Quality
of Life
Author
Dr Michael Ellis©2006
More and more quality of life is
judged in terms of wealth rather than in terms of such immeasurable
faculties such as happiness, creativity, well being, generosity
of spirit and a sense of compassion and connectedness. Even the
education system is focused on the needs of big business and children
are narrowly focused on aims which do not enhance their health
or create a wider knowledge of their understanding of their place
in society or the nature of life itself.
The basic needs of freedom of poverty
expressed by such people as Galtung, Rawls, Max-Neef and Lasswell
and Maslow are not addressed for people even in higher socio-economic
groups ion the developed world.
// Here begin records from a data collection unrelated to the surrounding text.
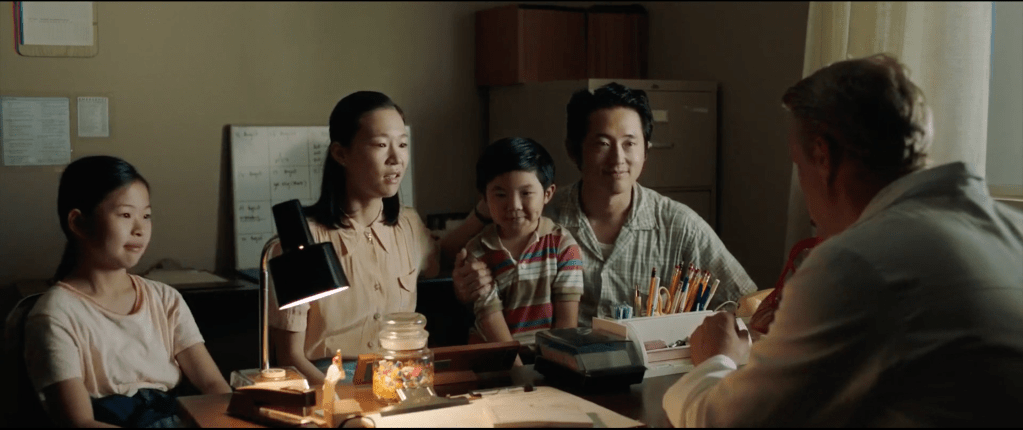 Al estilo de Alfonso Cuarón en Roma —aunque con resultados formalmente distintos—, el cineasta hizo un ejercicio de «investigación» en su propia memoria, a partir del cual surgió un guion compuesto de distintas viñetas que cuentan los retos de una familia tanto externos como internos ante determinadas decisiones y circunstancias. Quizá su mayor fuerza sea lo bien delineados de sus personajes, de una idiosincracia más bien recatada: el padre, estrictamente racional y que quiere sacar adelante una granja únicamente con sus propios medios (tremenda oportunidad para Steven Yeun, más conocido por sus roles cómicos en la pantalla chica, quien aquí cosechó una nominación al Oscar); y la madre (Yeri Han), la contraparte más sensata, que pone prioridad en la familia. La historia pivota en torno al niño protagonista, pero especial mérito tienen los personajes secundarios: la estupenda abuela atípica que se lleva la película (otra nominación, esta vez para una experimentada actriz del cine coreano, Yuh-Jung Youn), o el veterano de guerra de un cristianismo excéntrico pero devoto que interpreta Will Patton.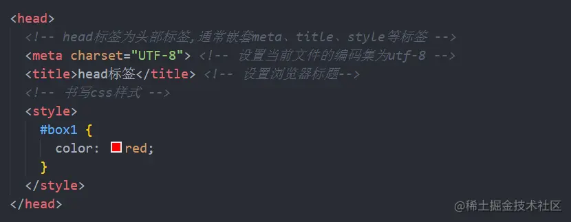 head标签表示头部标签,通常用来嵌套meta、title、style等标签。 -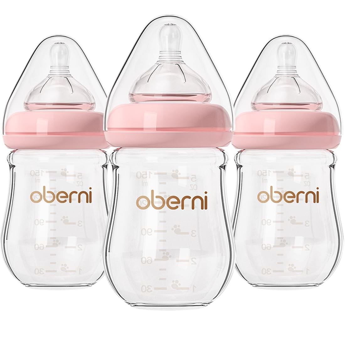 Oberni Anti-Colic Glass Baby Bottles with Slow Flow Breast-Like Silicone Teat, 150ml, 0+ Months, Wide-Neck, Pink/3Pack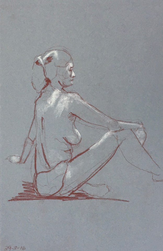 Two fifteen minute poses. Conté pencil highlighted with conté crayon on toned pastel paper. 32.5 x 50 cm or 13 x 19 3/4 in.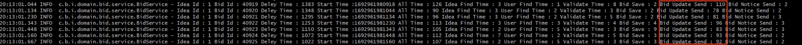💬 입찰 API에서 생기는 병목 현상을 해결하기 위해 로직을 확인했습니다. 로직의 중요 부분의 수행 시간을 측정하고 로그를 찍어서 확인했습니다.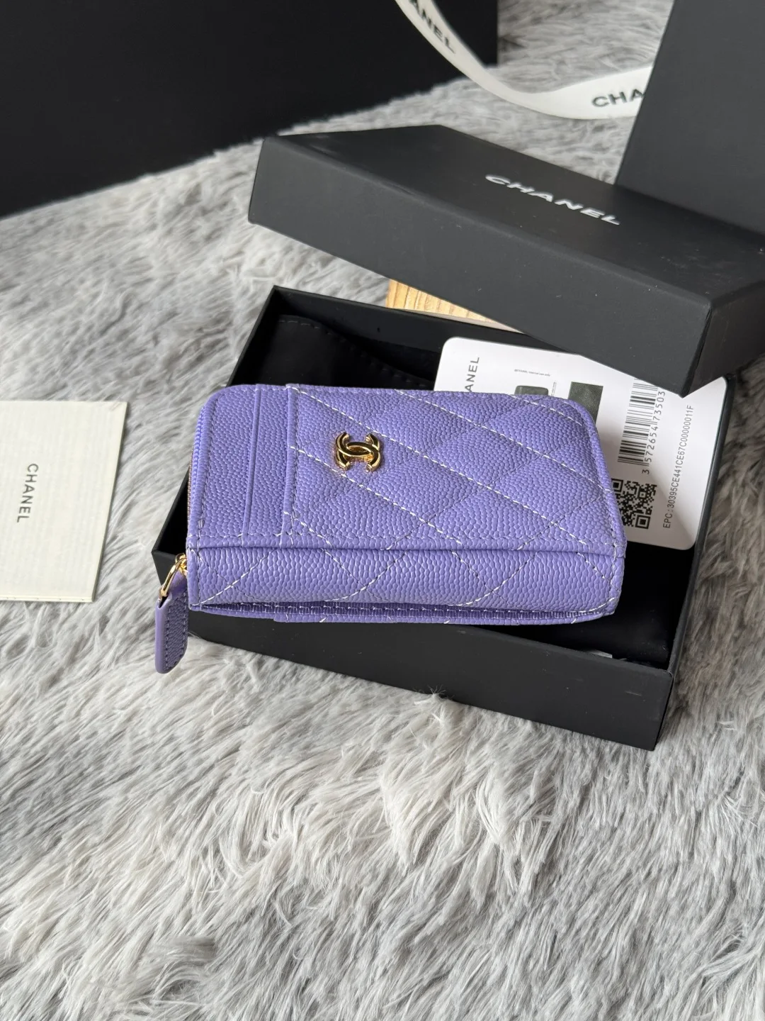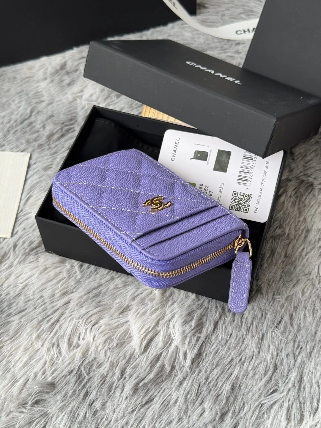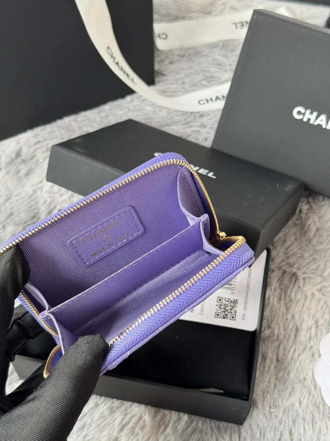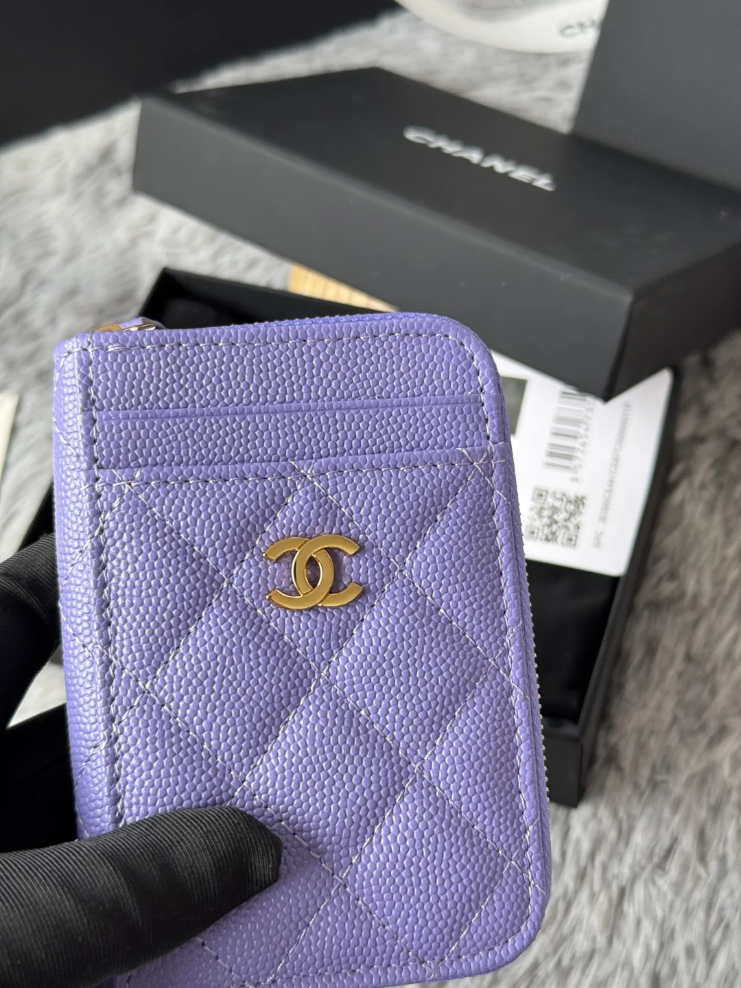 Chanel - New Small Zip Coin Purse. This small single-zip card holder features added card slots on both the front and back, catering to those with extensive card needs! Style code: ..

Such needs would address the
needs specifically for affection, understanding, participation,
leisure, creation, identity and freedom. The society is so stressed
that by 2010, one in three people will be suffering from depression
which psychiatrists consider needs medical treatment by drugs.
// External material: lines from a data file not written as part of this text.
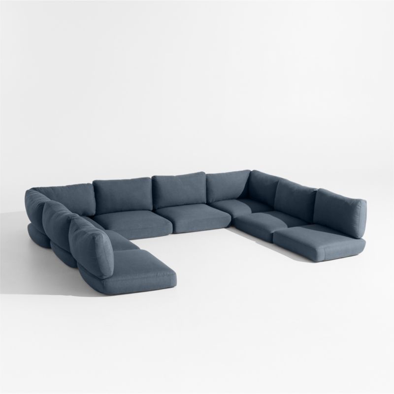 Our Andorra outdoor sectional sofa owes its coastal cool vibe to fine workmanship, contemporary lines and the luxurious comfort of its harbor blue cushions. Designed for the petite U-shaped sectional, the seat and back cushions are filled with plush and inviting polyfoam and fiber and upholstered in weather-resistant fabric. Simply attach via fabric-tab fasteners to the sofa frame (sold separately).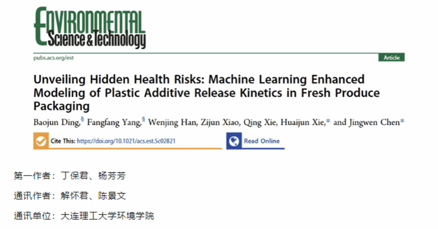 近日,3044am永利集团3044noc解怀君副教授和陈景文教授研究团队在环境领域著名学术期刊Environmental Science & Technology上发表了题为“Unveiling Hidden Health Risks: Machine Learning Enhanced Modeling of Plastic Additive Release Kinetics in Fresh Produce Packaging”的研究论文。该研究聚焦于新鲜果蔬包装(FPP)中的塑料添加剂,通过结合Weibull模型与机器学习技术,对73种常用添加剂在六类FPP样本中的赋存特征及迁移规律进行了评估。研究发现,43种添加剂在FPP样本中的浓度范围为1.52 × 103至2.51 × 106 ng/g,添加剂的迁移率受温度、FPP材料结构及添加剂性质等因素影响,迁移率从10.5%到完全迁移不等。特别是泡沫包装中的添加剂展现出最快的迁移速率和最高的迁移率。基于实验数据,进一步创建了基于人工智能的添加剂释放速率关键参数预测模型。研究还发现,2-乙基己酸(EHA)和磷酸三乙酯(TEP)从FPP迁移到水果和蔬菜中,可对人群健康带来风险。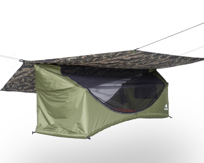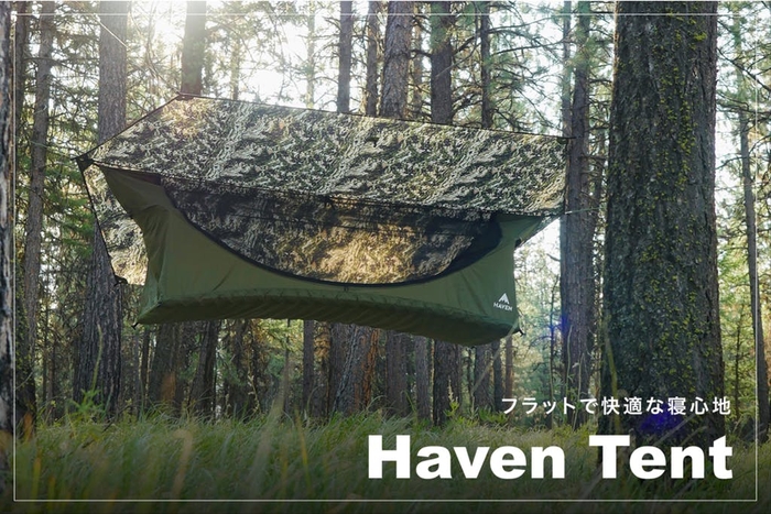【新商品】完全フルフラット式ハンモック「Haven Tent(ヘブンテント)」の新作。広々と使えるXLサイズのカモ柄と便利な関連アイテムがクラウドファンディングに登場!
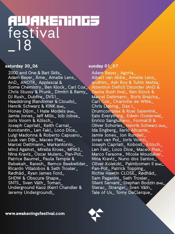 Como cada año, Awakening, vuelve a sorprender, con un listado de artistas techno invitados, en los que pocos son los que faltan. Más de cien artistas estarán en los dos días de Techno en Amsterdam, que espera recibir la visita de unos 80.000 clubbers, venidos de todo el mundo.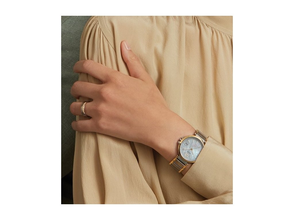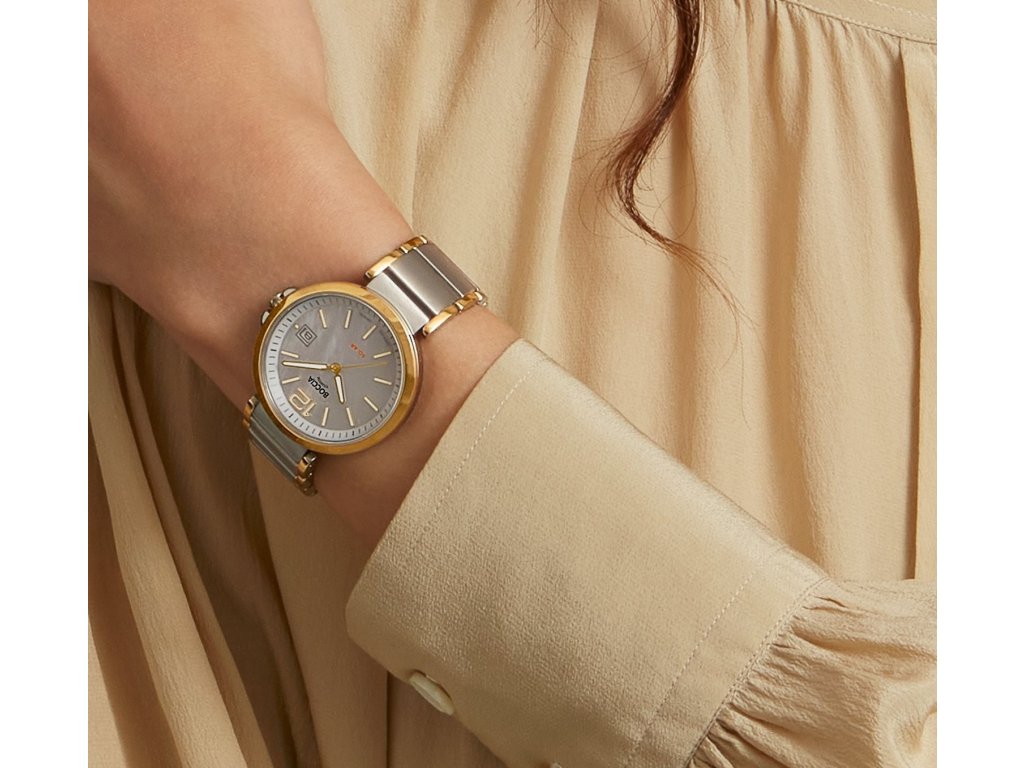 Dámské ručičkové hodinky Boccia Titanium 3332-02 jsou vyrobeny z čistého antialergického titanu s částečně zlacenou PVD úpravou v barvě žlutého zlata. Na přehledném perleťovém světlém číselníku najdeme datumovku na pozici tři a výrazné indexy.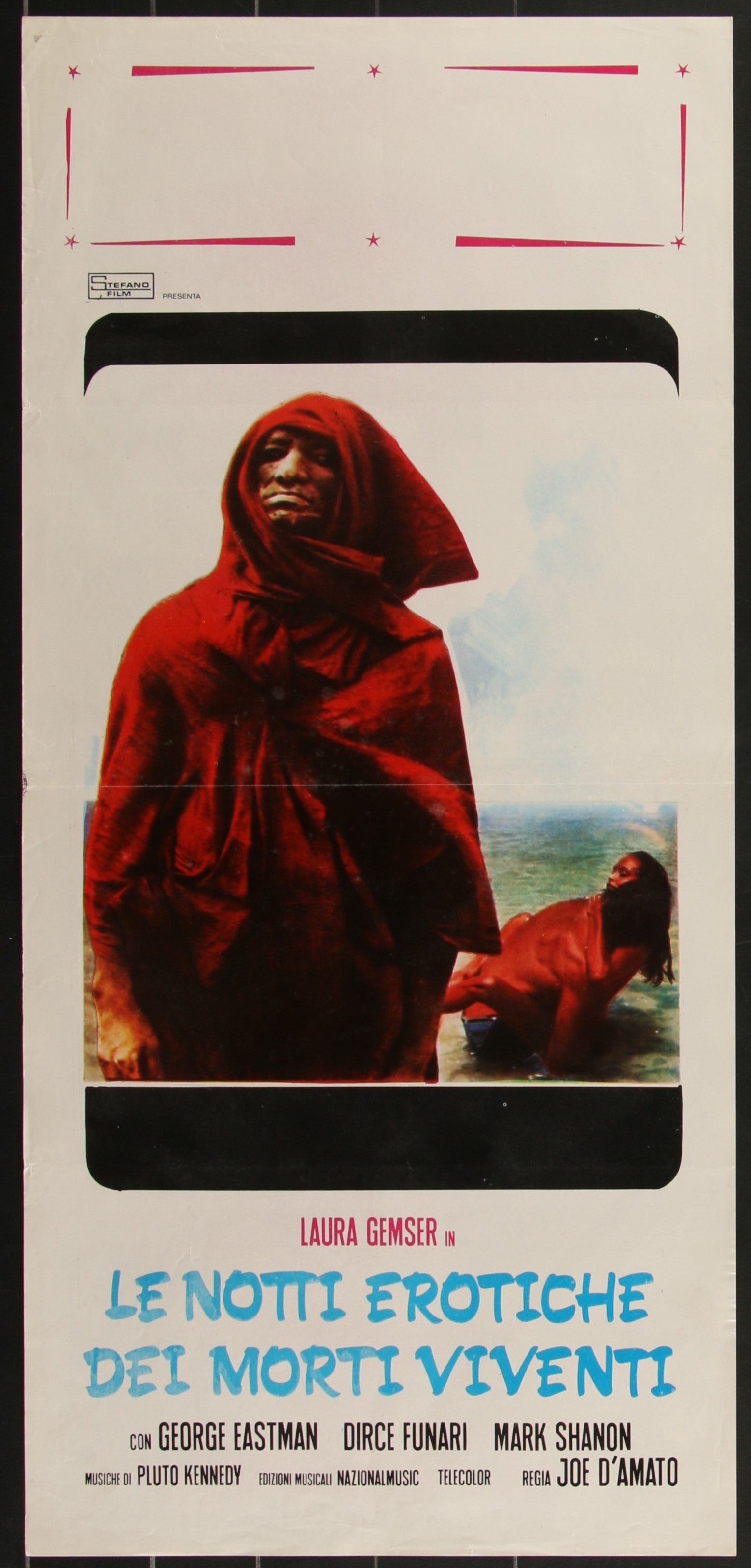 This is an original folded Italian Locandina movie poster measuring 12 3/4" x 27 1/2" (32 x 70 cm) for the 1980 sexploitation horror film Sexy Nights of the Living Dead, directed by Joe D'Amato and starring Laura Gemser and George Eastman. The poster shows edge and fold wear along with some markings.

So we come to the brave new world of Aldous Huxley where the
workers are placed on soma to blunt their conception of what
freedom or real quality of life is.
According to the UN Development Report,
Australia is second only to Norway as the most desirable country
in the world in which to live. This report of the UN Development
program measures 162 countries according to a range of factors
such as life expectancy, education levels, healthcare and income.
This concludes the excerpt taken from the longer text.